#### Your assignment:
From the line containing "Результаты тестирования Dell" down to the final line of the entries below, return each line exactly and drop the pictures.

Saved data entries:
Content starts

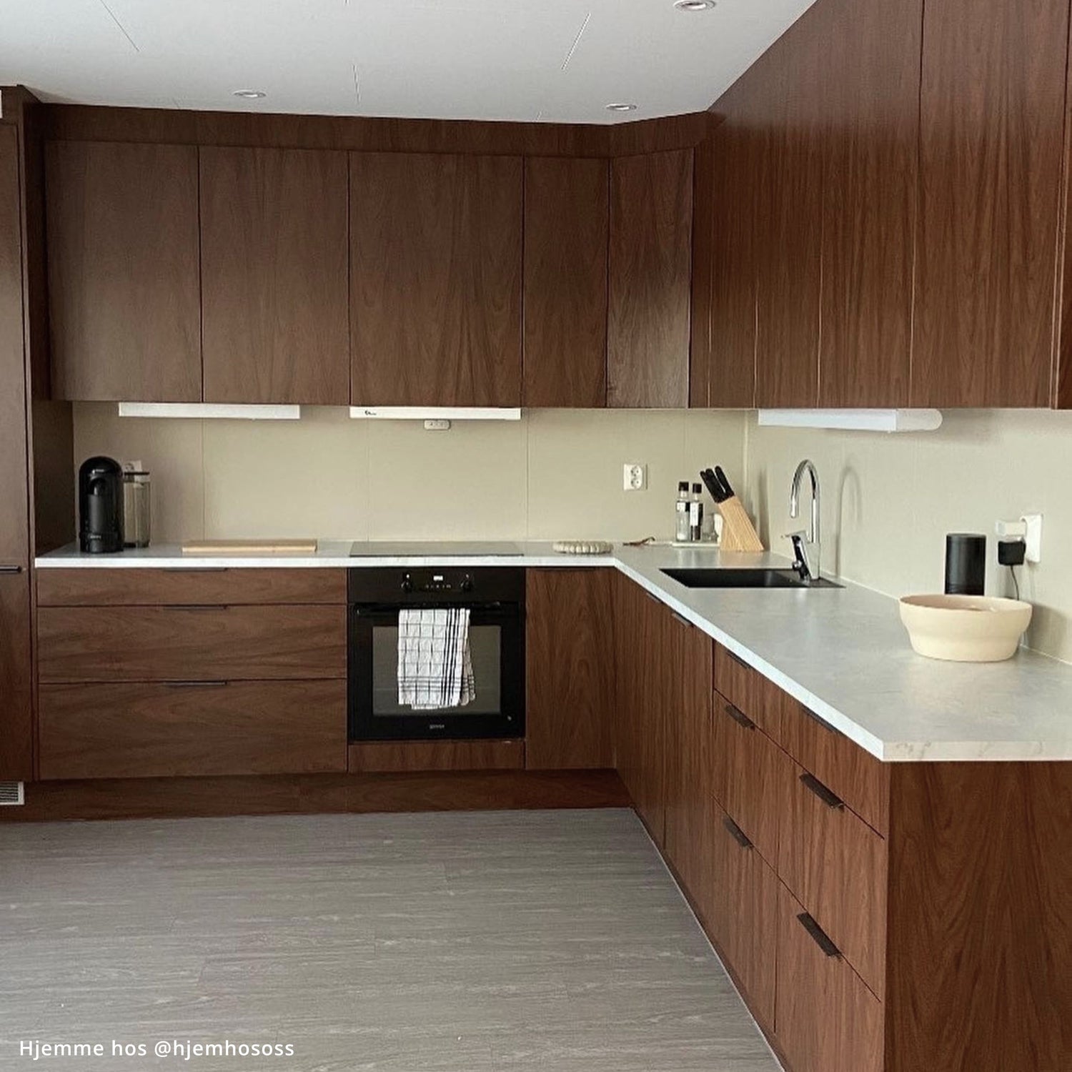 Kjøkkenfronter i valnøtt blir mer og mer populært. Vi har plukket ut design som passer perfekt sammen til deg som tenker å fornye kjøkkenet til valnøtt. Vår dempet Marmor romeo hvit matt skaper en spennende kontrast mot det varme treverket, men har ikke for bråkete design. Perfekt match!
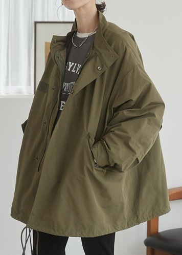 カラーは カーキ・ブラック・ベージュ の3色。着用カラーは「カーキ」。
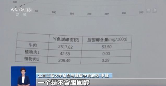 现在结果已经出来了,峰面积越大,代表胆固醇含量越高。我们前期做了一个标准曲线,把峰面积和含量对应上了。可以看出牛肉中的胆固醇含量是53.50毫克每100克,两款“植物肉”中,一个是不含胆固醇,一个含胆固醇是3.29毫克每100克,可以说“植物肉”和动物肉相比来说,是几乎不含胆固醇或含极少胆固醇的。
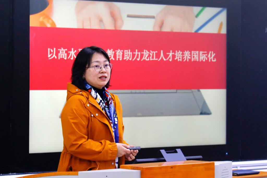 民盟黑大委员会主委祖雪晴以《以高水平特色教育助力龙江人才培养国际化发展》为题进行分享。祖雪晴通过对习总书记谈“一带一路”的200余篇文章的研读与梳理,总结分析了“一带一路”沿线教育市场主要特征,提出了“结合高校资源优势如何实现国际化人才培养‘为党育人、为国育才’的核心目的”的思考,并结合专业背景就beat365中国官网如何发挥俄语优势,助力“一带一路”建设高质量发展阐释了工作心得。
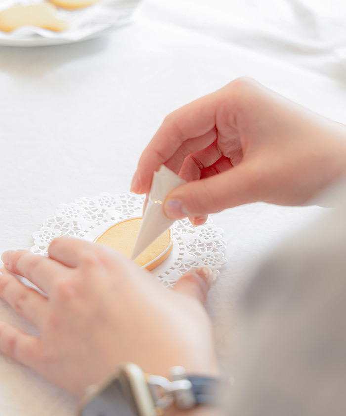 小山さん:「BASICコース」は全6回のレッスンを通して、生徒さんのご自宅でもアイシングクッキーをつくれるようになることを目指しています。第1回でアイシングのクリームのつくり方を、第2回では土台のクッキーのつくり方を教えています。最初はかなり地味ですが(笑)、アイシングクッキーをつくるには大事な工程なので、丁寧に教えています。
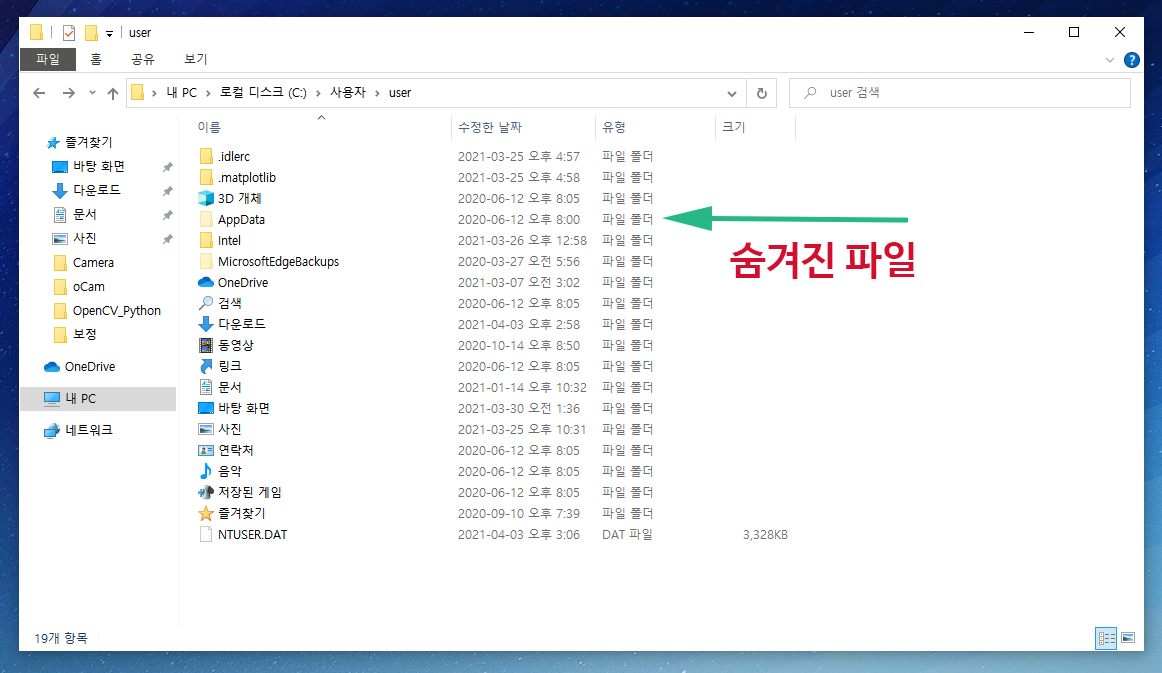 만약 숨김파일 설정을 못했다면 아래 링크를 통해 숨김파일 표시설정을 해주면 됩니다.
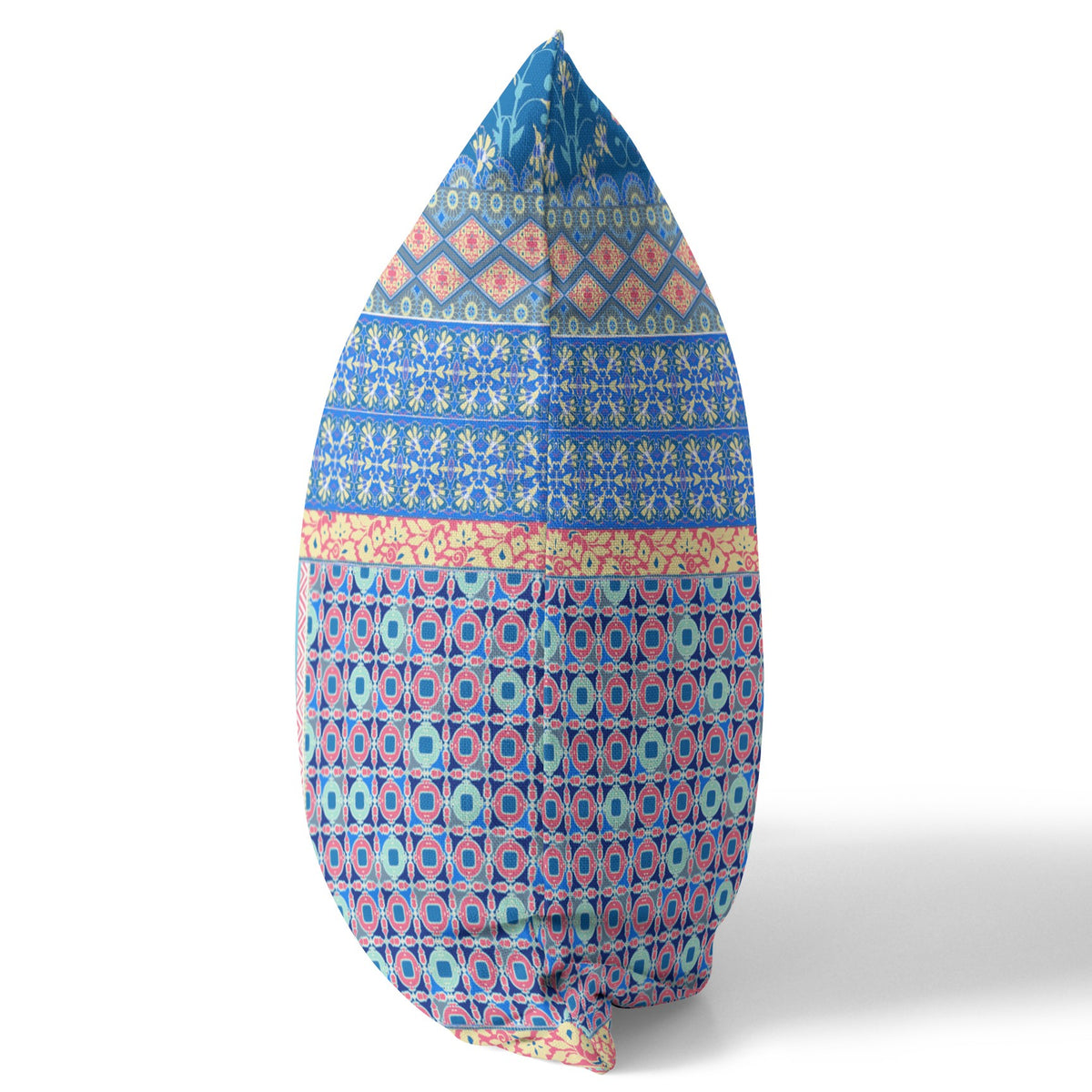HomeRoots Blue and Yellow Broadcloth 26†Blue Yellow Patch Indoor Outdoor Throw Pillow
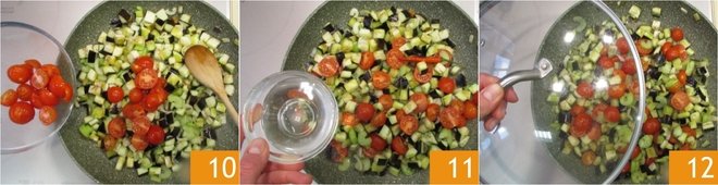 Finally, add the cherry tomatoes 10 and a little water 11, cover with a lid, and cook over medium heat for 5 minutes 12.
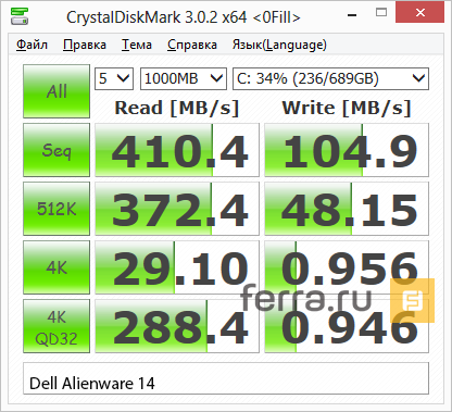 Результаты тестирования Dell Alienware 14 в играх, настройка графики medium
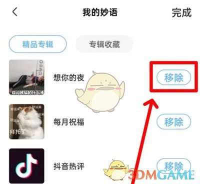 3、此时每个妙语后面会出现一个“移除”按钮,最后你不想再使用哪个妙语时就在它的后面点击“移除”选项,操作以后即可删除。
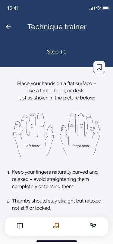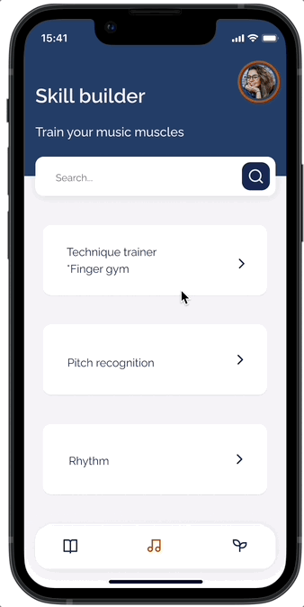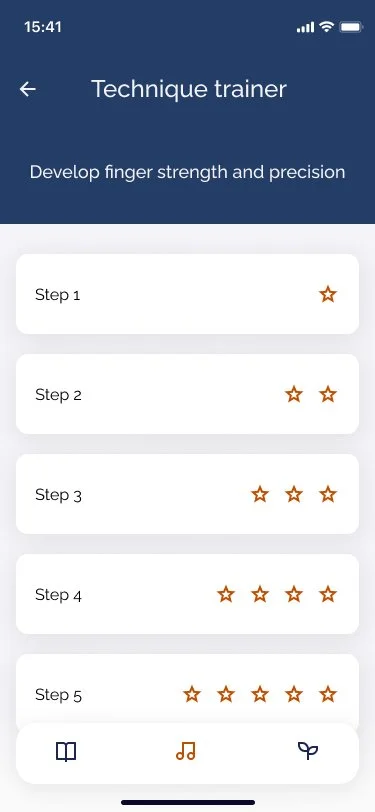 One of the key modules is “Finger Gym” - a technique trainer designed to help users build proper playing technique from the very beginning.

Content ends

#### Written response:
 Результаты тестирования Dell Alienware 14 в играх, настройка графики medium
 3、此时每个妙语后面会出现一个“移除”按钮,最后你不想再使用哪个妙语时就在它的后面点击“移除”选项,操作以后即可删除。
 One of the key modules is “Finger Gym” - a technique trainer designed to help users build proper playing technique from the very beginning.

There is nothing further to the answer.